Sirah: He’s been one of my best friends for probably five years. He actually has such a huge part in this whole EP, so it’s been really bittersweet. I feel like in terms of “First Impressions,” I directed and we all wrote the teaser together for a video that will be coming out for it. We spent 32 hours straight working on it and we took, like, a day break. Then, “Icarus” was his favorite song. I found out the day I finished “Stick Up” was the day I got the call that he died – I was in the studio. This EP holds so much of who he was. It’s really important to me beyond just the music.
L+T: Wow! That’s really heavy. The fact that you’re turning this tragedy into something positive says a lot about you. There’s solace in artwork. It doesn’t take the pain away, but it does help.

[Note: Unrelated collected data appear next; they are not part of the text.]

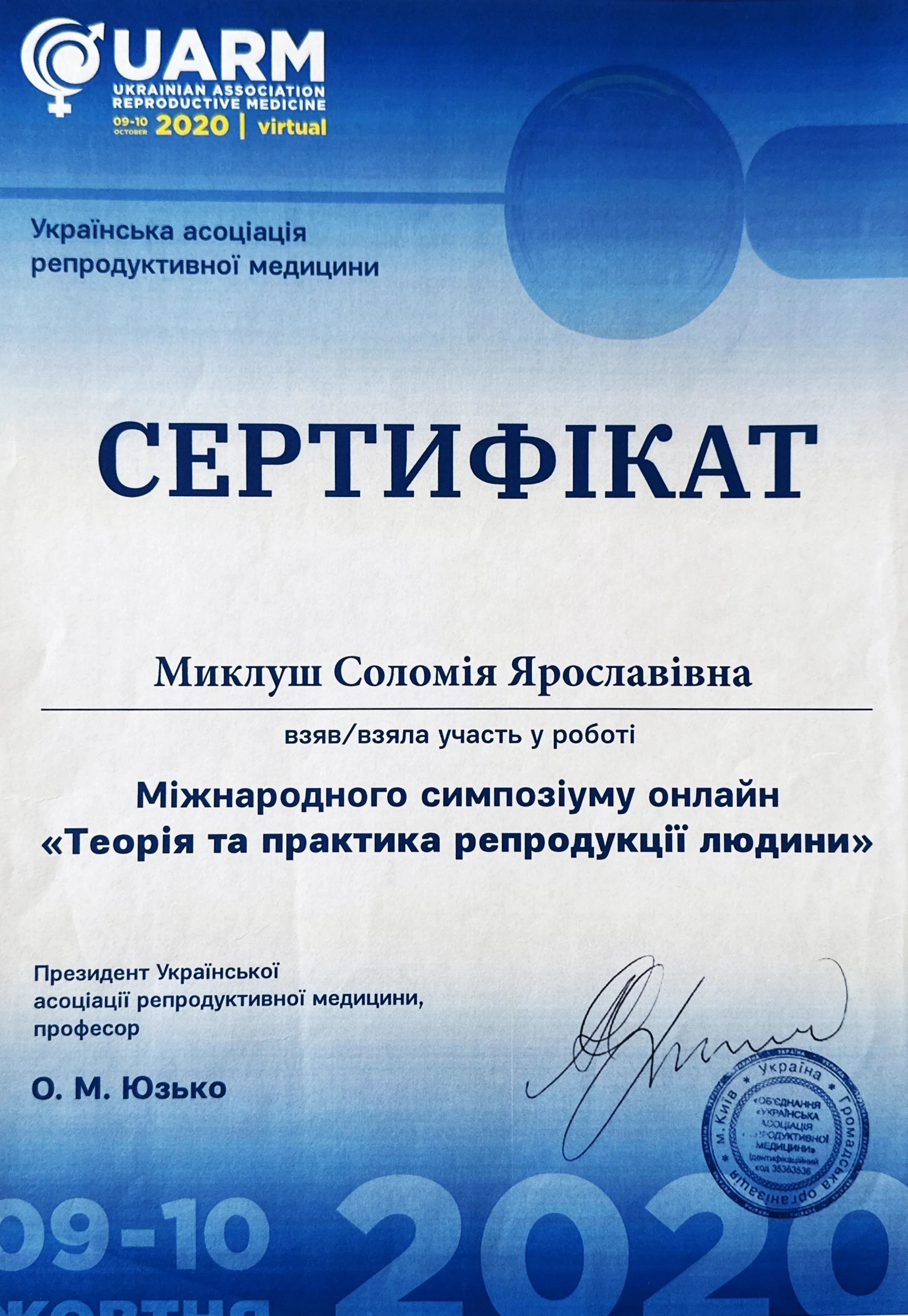 - 2019 - Кольпоскопія в діагностиці норми і патології шийки матки, Львів 2020 - Міжнародний симпозіум "Теорія та практика репродукції людини", Київ
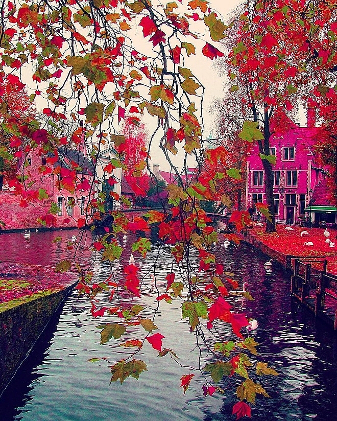 Những bức ảnh về vẻ đẹp của Bruges (Bỉ) vào mùa thu thơ mộng đến lạ với sắc vàng, hồng và đỏ. Cây cối ở đây trông như được chiếu sáng từ bên trong và phát ra sắc màu rực rỡ, nhuộm cả không gian. Các tuyến đường thủy chạy qua đường phố đóng vai trò như tấm gương phản chiếu, khiến du khách cảm tưởng như chìm trong giấc mơ siêu thực. (Ảnh: Pinterest, Colours of Nature)
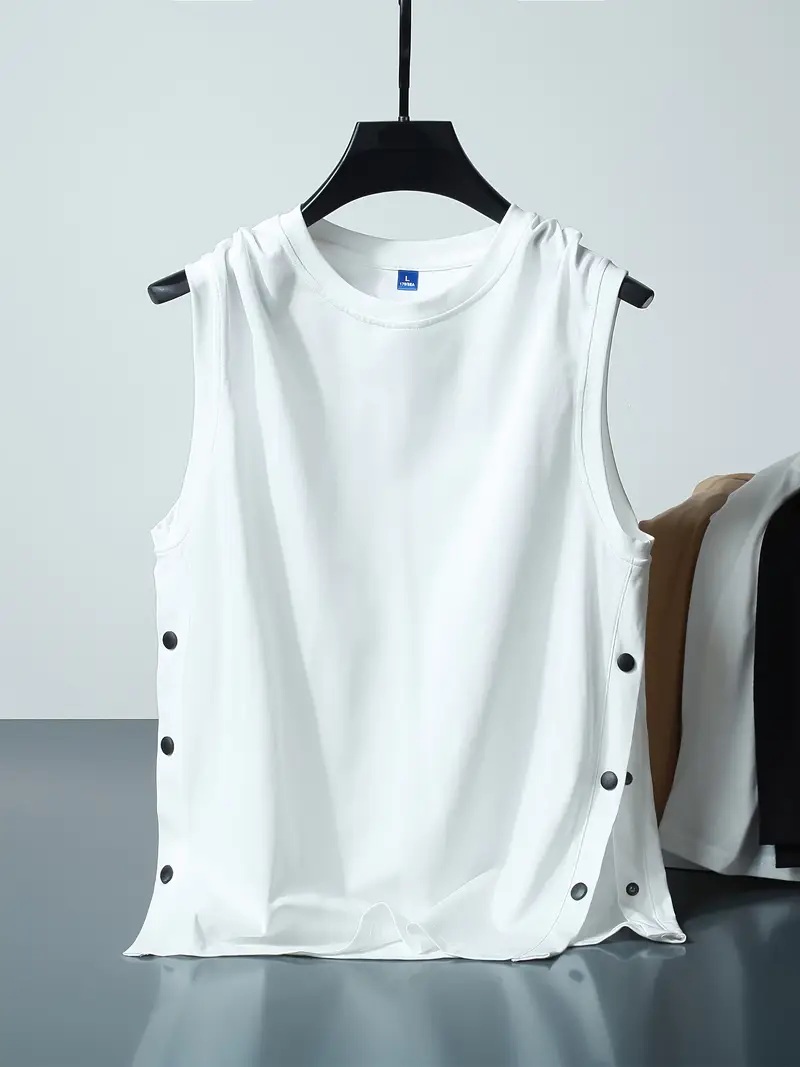- お洒落タンクトップ涼しい男女兼用サイドボタンが黒で記事が白なので良いお出かけ用オススメ人気です重ね着用にもキレイ目で良いと思います
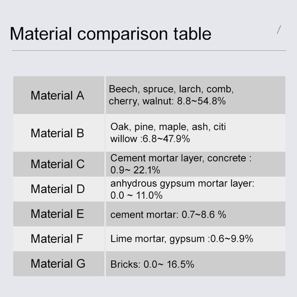 - 7 Material Types: Measures moisture content across 7 different wood and material types, assisting in determining drying requirements.
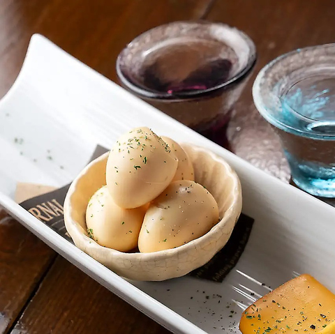燻製のうずら卵は、半熟に仕上げた丁寧な調理が特徴。風味と甘みのバランスが絶品です!チーズの燻製はスモーキーな香りがクセになる美味しさ♪お酒との相性もバツグン◎ぜひご賞味ください!

Sirah: I think it’s been really ironic, he was possibly one of my biggest supporters through the whole thing. He actually texted me before the whole Grammy thing and he said, “I just want to mention that you were basically homeless…and now you’re nominated for a Grammy. So, just throwing it out there. I don’t know how you feel about that.” I feel like he was such a huge part of why I’m still doing what I’m doing. It’s like eventually everyone will transcend on and I feel like music is a way – whether you make music or a part of it – it’s a way to live on.
L+T: This will help others who listen to this record – your explanation. You briefly mentioned the last track, “First Impressions” earlier. I, of course, have my own interpretation of this song. I could be completely wrong, but I hit it right on the head with “Icarus.” “First Impressions” is a track that speaks to personal growth.
Sirah: I think it’s kind of the same vibe all over. For “First Impressions” – I think it was two days after the Grammy’s and I went on the Internet and listened to [the] Soundcloud of random kids’ for, like, 18 hours a day like a weirdo. I wrote to these kids and they were like, “Didn’t you just win a GRAMMY? Why are you writing to me on Soundcloud?” That’s how I got the “First Impressions” beat. I recorded it in my bedroom. We ended up shooting a music video for it. It’s, like, a big collaborative piece. This song speaks to the sort of thing I was talking to you about for “On To The Next.” I feel like with a lot of my relationships over the past year, like romantic or otherwise, a lot of things changed. When I wrote “First Impressions,” everything’s been very bittersweet. It spoke to that and not just to love and the lack of actually being able to have that be real in my life. So, it’s about all of my relationships changing.
L+T: Overall, this EP is very different than your past releases. You really went all in emotionally and the result is evident. As I said at the outset, it’s a diary.
Sirah: Oh, completely! On “You Know You Want It,” some of the things I talk about on there is all true. It was kind of like, ‘Whoa! Am I really gonna put that out?’ I’m like, ‘Yep!’ There’s, like, really dark things that I talk about. Life’s too short – why lie about who you are and what’s happened? It’s out there.
L+T: If you’re not honest with the listeners, you won’t be happy with it. Let’s talk about the tour you’re about to go on. It is super “girl power” – Icona Pop, K. Flay, and you! You all are so edgy. How do you feel about the tour? Do you have mixed feelings?
Sirah: I’m so excited. By the way, I don’t feel like I’m on some outright girl power stuff just because I rarely see girls. However, I think it’s so dope and I think K. Flay is incredible. She makes her own beats on stage. She’s awesome! I love her new music. Icona Pop – I watched them in Texas and was like, ‘I love you guys!’ I’m so excited and it’s their first major tour. K. Flay just dropped a new awesome record. I’m dropping my record. It feels really good. It feels really right. Our fans will be able to translate because it’s just really powerful women.